*** Data supplied ***

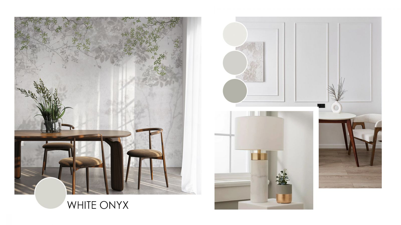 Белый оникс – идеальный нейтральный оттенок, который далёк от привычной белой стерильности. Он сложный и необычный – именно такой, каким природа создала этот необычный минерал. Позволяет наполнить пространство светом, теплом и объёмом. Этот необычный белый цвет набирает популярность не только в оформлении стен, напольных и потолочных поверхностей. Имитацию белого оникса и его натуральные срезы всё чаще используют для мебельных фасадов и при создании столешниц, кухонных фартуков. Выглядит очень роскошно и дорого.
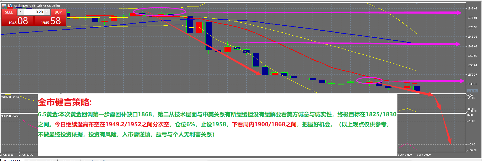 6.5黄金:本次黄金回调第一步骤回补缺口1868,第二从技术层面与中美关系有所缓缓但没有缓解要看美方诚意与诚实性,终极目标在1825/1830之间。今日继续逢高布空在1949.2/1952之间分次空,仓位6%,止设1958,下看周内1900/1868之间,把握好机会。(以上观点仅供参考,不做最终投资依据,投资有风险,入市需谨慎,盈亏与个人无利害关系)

***
*** Data supplied ***

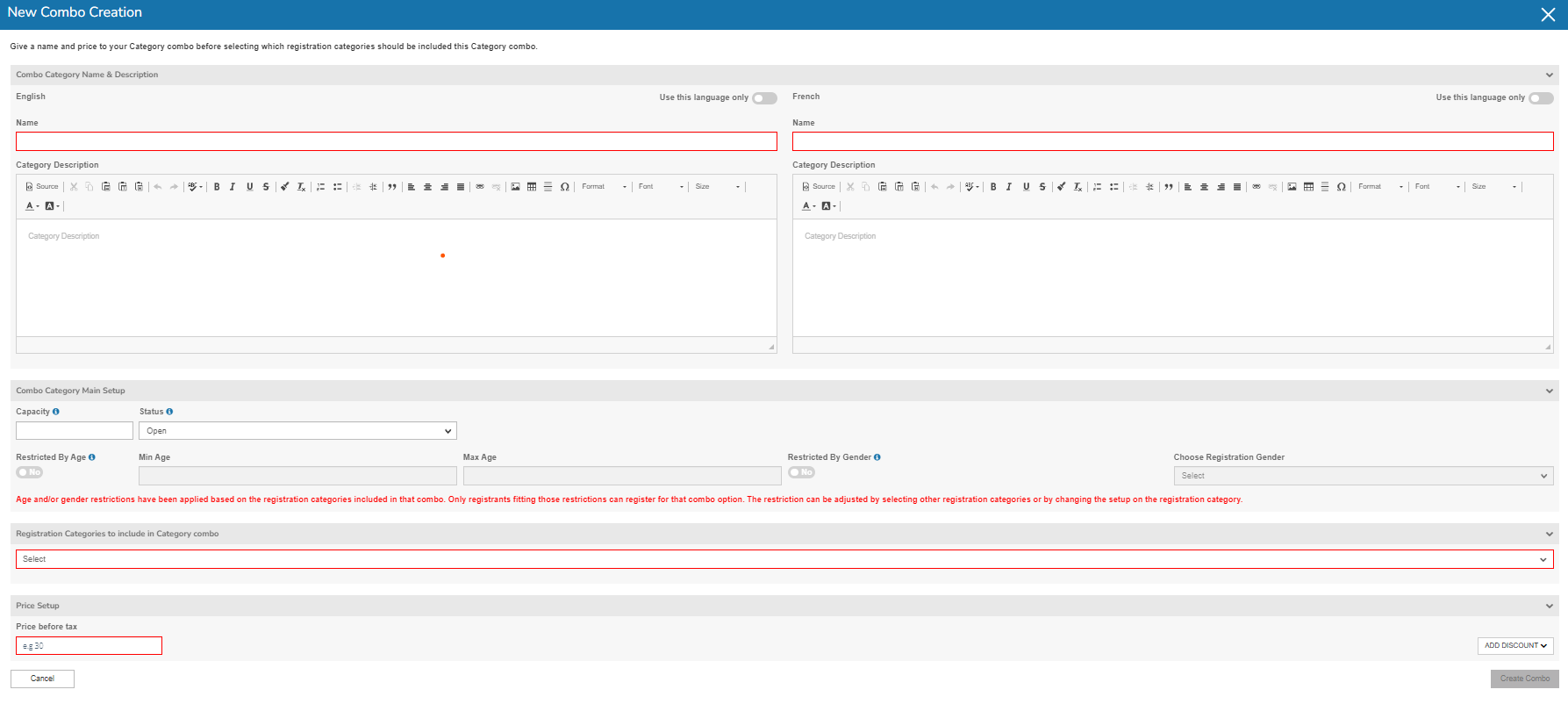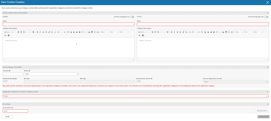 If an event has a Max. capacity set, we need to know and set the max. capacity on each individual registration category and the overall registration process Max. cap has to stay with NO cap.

***

> _Your objective_: Having found the line with "Белый оникс –" and the line with "6.5黄金:本次黄金回调第一" in the material above, write out exactly those two and every line between, leaving the pictures out.

> _Task response_:
 Белый оникс – идеальный нейтральный оттенок, который далёк от привычной белой стерильности. Он сложный и необычный – именно такой, каким природа создала этот необычный минерал. Позволяет наполнить пространство светом, теплом и объёмом. Этот необычный белый цвет набирает популярность не только в оформлении стен, напольных и потолочных поверхностей. Имитацию белого оникса и его натуральные срезы всё чаще используют для мебельных фасадов и при создании столешниц, кухонных фартуков. Выглядит очень роскошно и дорого.
 6.5黄金:本次黄金回调第一步骤回补缺口1868,第二从技术层面与中美关系有所缓缓但没有缓解要看美方诚意与诚实性,终极目标在1825/1830之间。今日继续逢高布空在1949.2/1952之间分次空,仓位6%,止设1958,下看周内1900/1868之间,把握好机会。(以上观点仅供参考,不做最终投资依据,投资有风险,入市需谨慎,盈亏与个人无利害关系)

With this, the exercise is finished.